Problem with run_cached/Linux agent after 2.1.0p35 update

CMK version:
Checkmk Raw Edition 2.1.0p35

OS version:
RHEL 8.8

Error message:

WARN ServernameA Check_MK [agent] Success, Missing monitoring data for plugins: chrony WARN, execution time 1.3 sec 2023-11-10 11:47:15 - 27.4 s
WARN ServernameB Check_MK [agent] Success, Missing monitoring data for plugins: chrony WARN, execution time 1.4 sec 2023-11-10 11:47:15 - 27.4 s
WARN ServernameC Check_MK [agent] Success, Missing monitoring data for plugins: chrony WARN, execution time 1.5 sec 2023-11-10 11:46:47 - 55.4 s
WARN ServernameX Check_MK [agent] Success, Missing monitoring data for plugins: chrony WARN, execution time 1.5 sec 2023-11-10 11:46:47 - 55.4 s
WARN ServernameY Check_MK [agent] Success, Missing monitoring data for plugins: chrony WARN, execution time 1.7 sec 2023-11-10 11:46:47 - 55.4 s
---
UNKN ServernameC OMD SiteName2 status Item not found in monitoring data 2023-11-27 09:31:21 - 14.9 s

Problem Description
Hey!

We’ve had strange issues with 2 inbuilt agent plugins (Chrony/NTP & OMD) intermittently not providing data to agent output. This issue started after updating from (2.1.0p25) to (2.1.0p35).

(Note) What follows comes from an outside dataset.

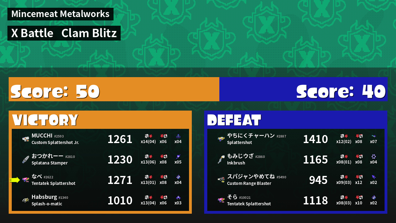 | Medals | #1 Turf Inker #1 Enemy Splatter #1 Clam Stopper | ||
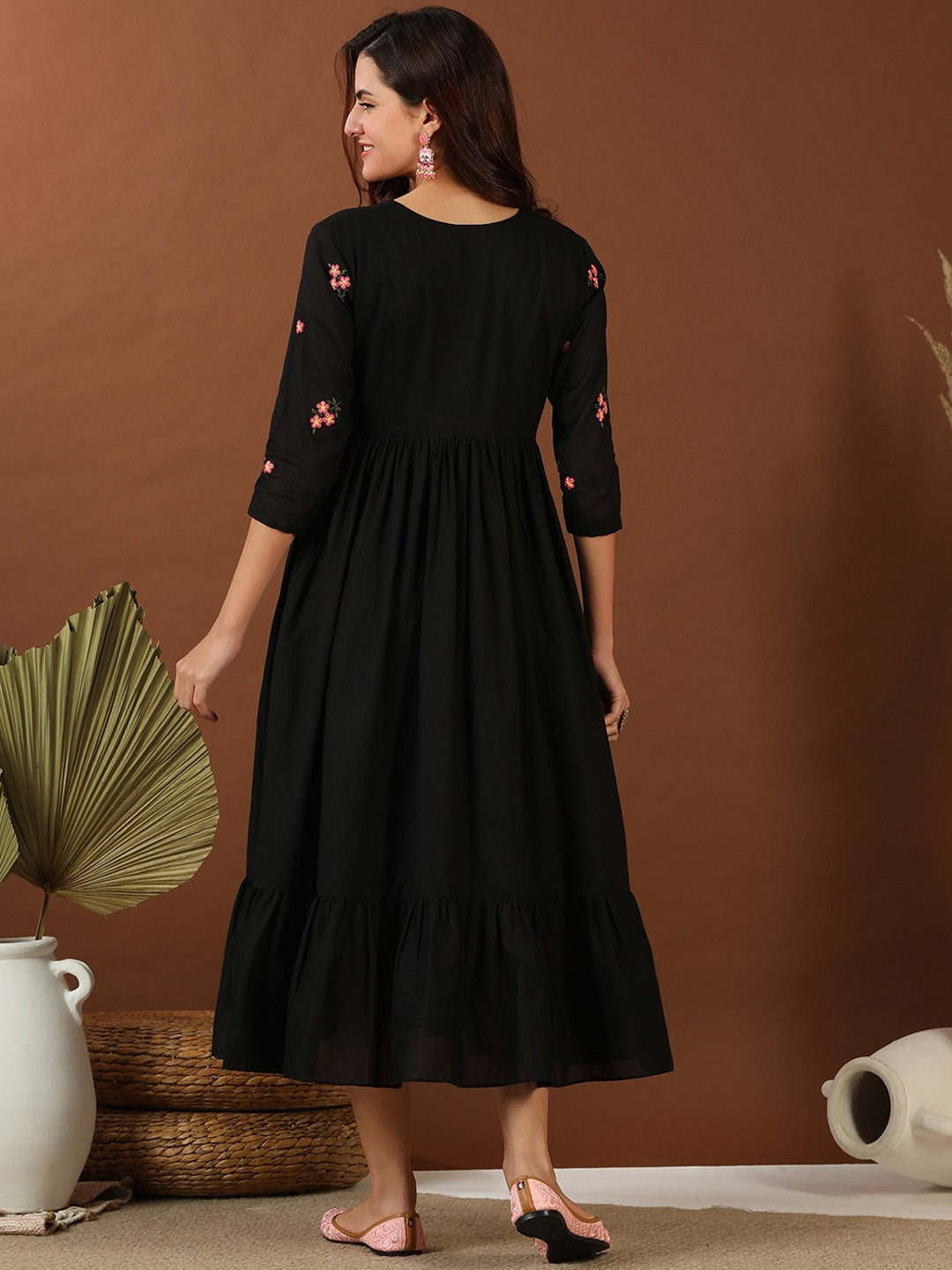 This black midi ethnic dress features stunning floral embroidery, a flattering fit and flare shape, and a v-neckline with elegant three quarter sleeves. The flared hem adds a touch of femininity, and the slip-on closure makes it easy to wear. Stand out in this timeless and effortlessly chic dress.

Due to the data disappearing intermittently from the agent output this issue has been hard to troubleshoot but our workaround below has worked so far:

#First problem:#
`run_cached "chrony" 30 "echo '<<<chrony>>>'; waitmax 5 chronyc -n tracking | cat || true" | sed 's/\(<<<chrony:cached(.*,\)30)>>>/\1120)>>>/'`
#Workaround 1:#
`echo '<<<chrony>>>'; waitmax 5 chronyc -n tracking | cat || true`
#Second problem:#
`run_cached "omd_status" 60 "echo '<<<omd_status>>>'; omd status --bare || true"`
#Workaround 2:#
`echo '<<<omd_status>>>'; omd status --bare || true`

Still unsure about the root cause of the issue but the culprit is the (run_cached) part.

Anybody have any help to give about this issue being a general issue worth reporting as a bug or this being something in relation to our local environment?

Hi.

Did you try to clean the cache with “cmk --flush ”. Looks like there are wrong data in cache.

Rg, Christian

1 Like

Thanks for the suggestion @ChristianM. Will try it out in combination with CheckMK 2.2 upgrade after the new year!

Hi,

after upgrading to 2.2.0p17 from 2.2.0p12, my dashboard is full with warnings.
I tried to clean the cache “cmk --flush” without success.

[agent] Success, [piggyback] Success (but no data found for this host), Missing monitoring data for plugins: chronyWARN, execution time 3.0 sec
Vanished services: 1 (chrony: 1)WARN, Host labels: all up to date

Vanished services: 1 (omd_status: 1)WARN, Host labels: all up to date

They are appearing and disappearing.

Seems to be the same problem.

Thanks.

@ChristianM Unfortunately same result after (cmk --flush) as for @peter-held.

Servers and Agent upgraded to (2.2.0p17) this week and still same issue. Had to re-implement workaround code (remove run_cached/_run_cached_internal) again.